Assignment> Make an exact copy of the lines from the one containing "Variation of gas" through the end of the material, including both ends but no pictures.
────
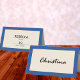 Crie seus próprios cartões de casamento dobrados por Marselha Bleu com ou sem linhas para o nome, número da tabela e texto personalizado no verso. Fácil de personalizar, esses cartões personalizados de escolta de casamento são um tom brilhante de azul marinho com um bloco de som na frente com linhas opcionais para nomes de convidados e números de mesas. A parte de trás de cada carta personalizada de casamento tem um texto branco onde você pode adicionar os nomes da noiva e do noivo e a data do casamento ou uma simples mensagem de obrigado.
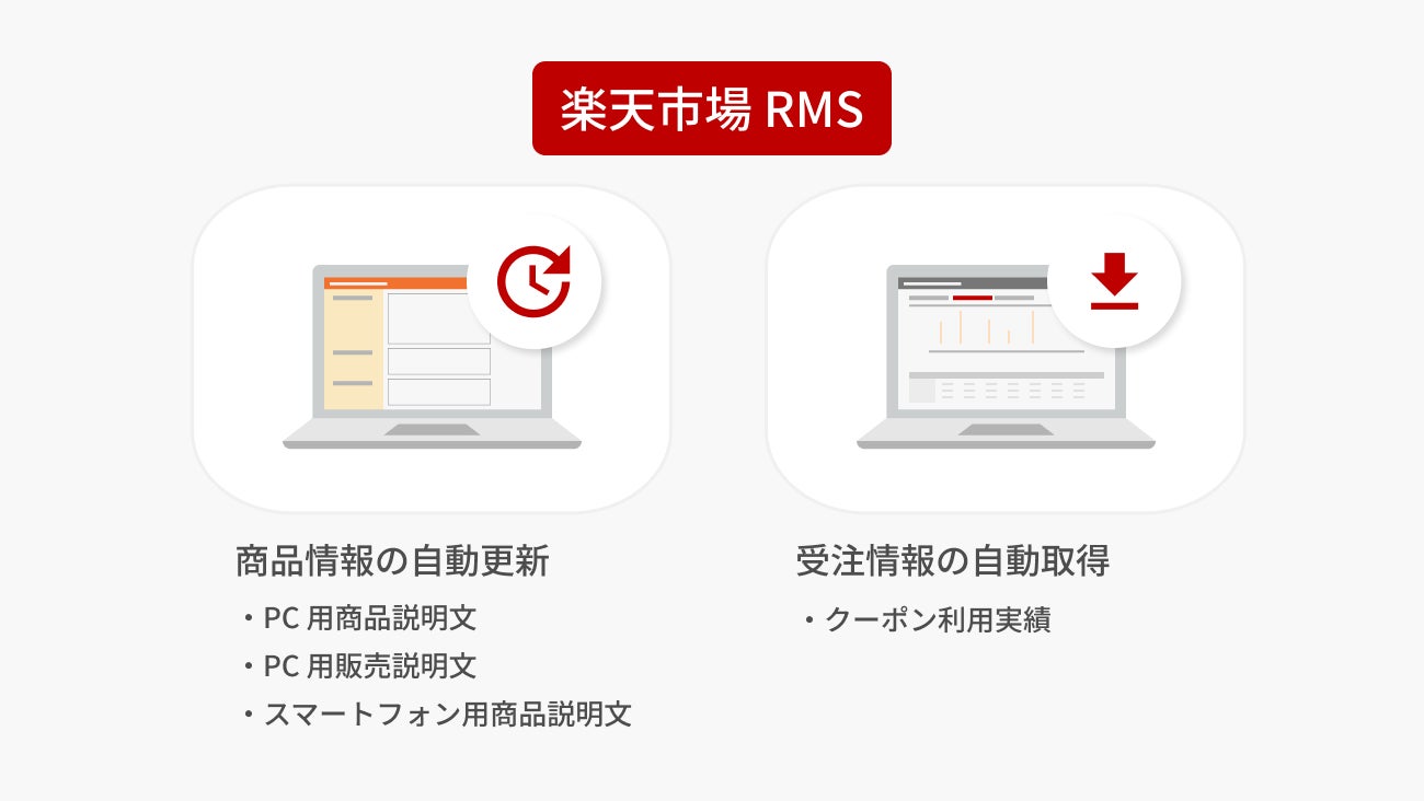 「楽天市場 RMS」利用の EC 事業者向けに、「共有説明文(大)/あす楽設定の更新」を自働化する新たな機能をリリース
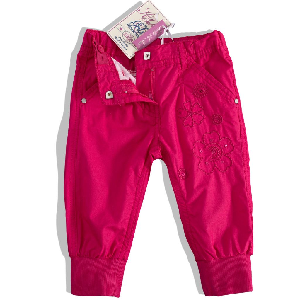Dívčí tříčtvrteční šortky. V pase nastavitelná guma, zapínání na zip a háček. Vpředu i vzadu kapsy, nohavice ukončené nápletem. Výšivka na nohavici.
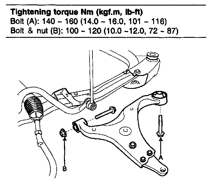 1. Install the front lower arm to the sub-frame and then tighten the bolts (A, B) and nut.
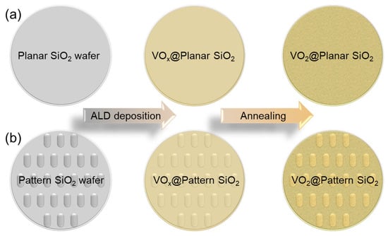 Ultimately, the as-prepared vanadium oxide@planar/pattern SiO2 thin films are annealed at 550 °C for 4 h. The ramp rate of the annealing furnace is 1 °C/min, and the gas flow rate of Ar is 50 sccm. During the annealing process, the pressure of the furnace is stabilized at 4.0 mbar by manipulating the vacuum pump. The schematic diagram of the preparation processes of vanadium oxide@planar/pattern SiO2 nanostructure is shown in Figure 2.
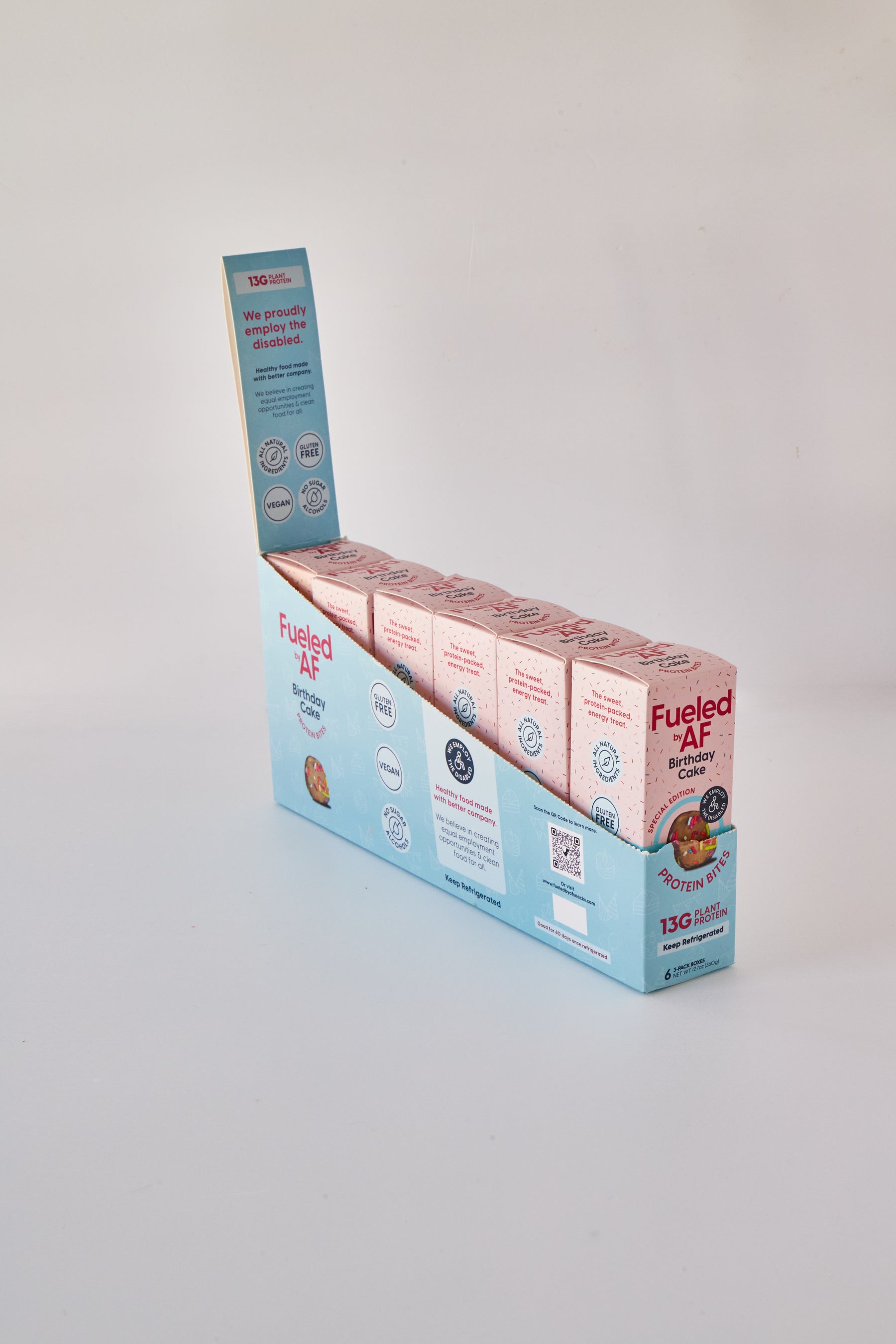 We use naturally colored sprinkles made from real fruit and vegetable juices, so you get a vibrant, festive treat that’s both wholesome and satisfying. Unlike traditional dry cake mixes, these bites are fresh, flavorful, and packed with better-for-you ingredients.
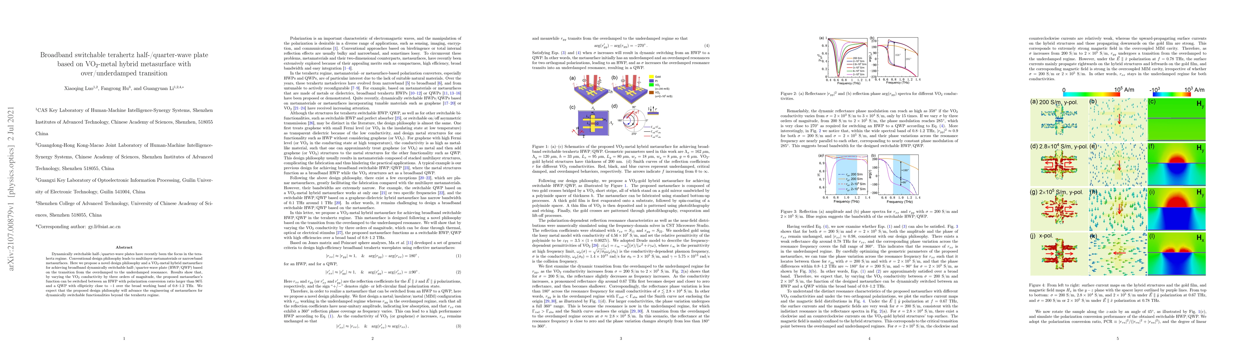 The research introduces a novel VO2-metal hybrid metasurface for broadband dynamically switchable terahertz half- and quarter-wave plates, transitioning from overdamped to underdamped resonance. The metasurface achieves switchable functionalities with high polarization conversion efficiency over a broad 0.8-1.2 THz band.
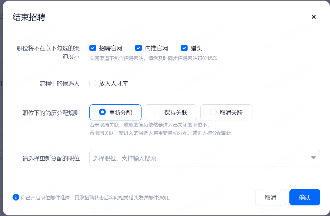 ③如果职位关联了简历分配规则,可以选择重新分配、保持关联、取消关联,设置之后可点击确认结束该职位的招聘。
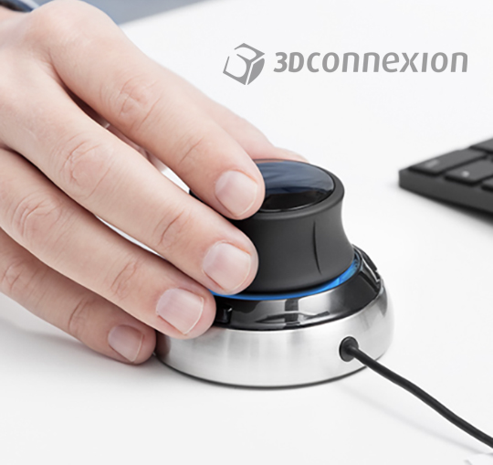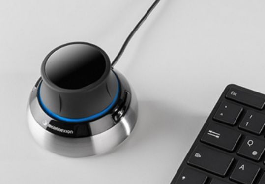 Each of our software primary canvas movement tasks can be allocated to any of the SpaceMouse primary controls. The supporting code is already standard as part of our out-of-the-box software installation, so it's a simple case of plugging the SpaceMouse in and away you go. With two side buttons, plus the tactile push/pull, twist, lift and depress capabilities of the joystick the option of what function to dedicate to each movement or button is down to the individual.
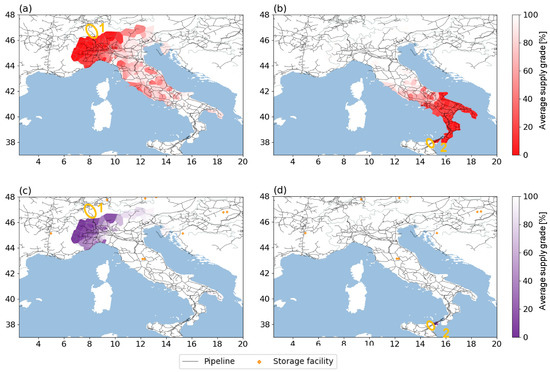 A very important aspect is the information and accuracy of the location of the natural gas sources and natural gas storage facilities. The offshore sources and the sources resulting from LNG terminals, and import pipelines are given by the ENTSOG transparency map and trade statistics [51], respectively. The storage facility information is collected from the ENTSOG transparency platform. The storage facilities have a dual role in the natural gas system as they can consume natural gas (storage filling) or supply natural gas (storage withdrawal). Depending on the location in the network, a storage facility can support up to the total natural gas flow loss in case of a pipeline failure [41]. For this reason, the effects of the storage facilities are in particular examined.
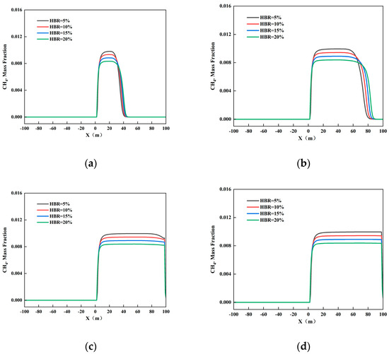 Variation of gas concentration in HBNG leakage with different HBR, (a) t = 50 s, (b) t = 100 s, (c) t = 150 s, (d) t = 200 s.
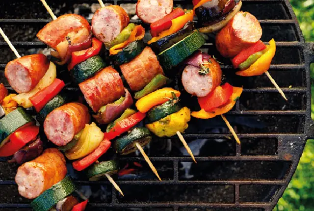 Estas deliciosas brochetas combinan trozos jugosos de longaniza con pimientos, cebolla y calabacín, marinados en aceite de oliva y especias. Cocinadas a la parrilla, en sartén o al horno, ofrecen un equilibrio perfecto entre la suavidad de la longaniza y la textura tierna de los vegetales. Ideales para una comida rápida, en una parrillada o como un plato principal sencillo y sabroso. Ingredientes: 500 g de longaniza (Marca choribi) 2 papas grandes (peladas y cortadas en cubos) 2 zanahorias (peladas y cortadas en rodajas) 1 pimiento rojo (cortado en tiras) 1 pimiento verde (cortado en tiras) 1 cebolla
────
Problem solution>
 Variation of gas concentration in HBNG leakage with different HBR, (a) t = 50 s, (b) t = 100 s, (c) t = 150 s, (d) t = 200 s.
 Estas deliciosas brochetas combinan trozos jugosos de longaniza con pimientos, cebolla y calabacín, marinados en aceite de oliva y especias. Cocinadas a la parrilla, en sartén o al horno, ofrecen un equilibrio perfecto entre la suavidad de la longaniza y la textura tierna de los vegetales. Ideales para una comida rápida, en una parrillada o como un plato principal sencillo y sabroso. Ingredientes: 500 g de longaniza (Marca choribi) 2 papas grandes (peladas y cortadas en cubos) 2 zanahorias (peladas y cortadas en rodajas) 1 pimiento rojo (cortado en tiras) 1 pimiento verde (cortado en tiras) 1 cebolla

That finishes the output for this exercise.